More incredible still, the Ministers now endorse a system that has not been subject to any comparative research. This is a wholly inadequate situation; there is no robust evidence that the Health Star Rating (HSR) is the most appropriate FOPL system to shift behaviour towards more healthy choices, as was first demanded.

Clearly, evidentiary standards changed during the process, and it seems likely the mandate to achieve consensus between factious health and industry groups played a role. This raises questions how much power various stakeholders were able to exert during a minimally-transparent process with no opportunity for public comment.

While four studies were conducted in Australia (3) and NZ (1), none of these tell us if the HSR is a more effective format than the MTL, or other labelling systems. It is also important to note the final format announced in June 2014 is not the same design that was tested throughout 2013. Several industry representatives redesigned the label sometime in 2014, and worryingly, this final design actually fails to align with some of the initial research findings.

Though the final HSR design is apparently preferred by consumers, information about how this conclusion was reached is not provided. But much more importantly, consumer preference has repeatedly been shown to be a very poor predictor of ability to use nutrition information (3-6). Similarly, intentions are poor predictors; 90% of consumers in the US (7-9) and NZ (10) predicted they’d regularly use numeric nutrition tables, and unfortunately we know high usage rates never transpired. Relying on consumers’ estimations or self-reports of future behaviour is far from sufficient grounds for approving the design.

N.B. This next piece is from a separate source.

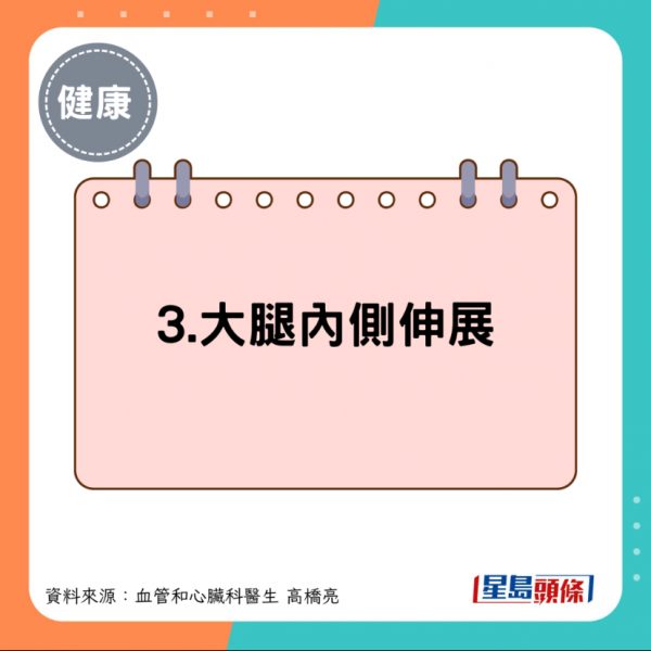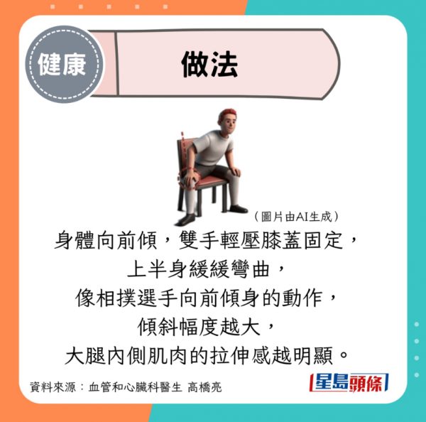 - 身體向前傾,雙手輕壓膝蓋固定,上半身緩緩彎曲,像相撲選手向前傾身的動作,傾斜幅度越大,大腿內側肌肉的拉伸感越明顯。

In short, we do not know whether the new label is strong enough to disrupt habitual behaviour patterns and make a meaningful difference to improving dietary choices. Conversely, we know people are triggered to action by red lights (11-13). Choice experiments reveal that MTL labels shift consumers’ preferences away from energy-dense foods and, in particular, help consumers who don’t often use the NIP to make decisions like those who do use it (14-16). MTLs also encourage consumers with low levels of dietary self-control to choose less energy-dense foods (17), and this is an important segment to influence. Since the recommendation to adopt MTLs was rejected, evidence has continued to accumulate showing its utility (16). Bizarrely, several European Union countries are threatening the UK with legal action following the voluntary introduction of MTLs, because they are “clearly influencing consumer choice”.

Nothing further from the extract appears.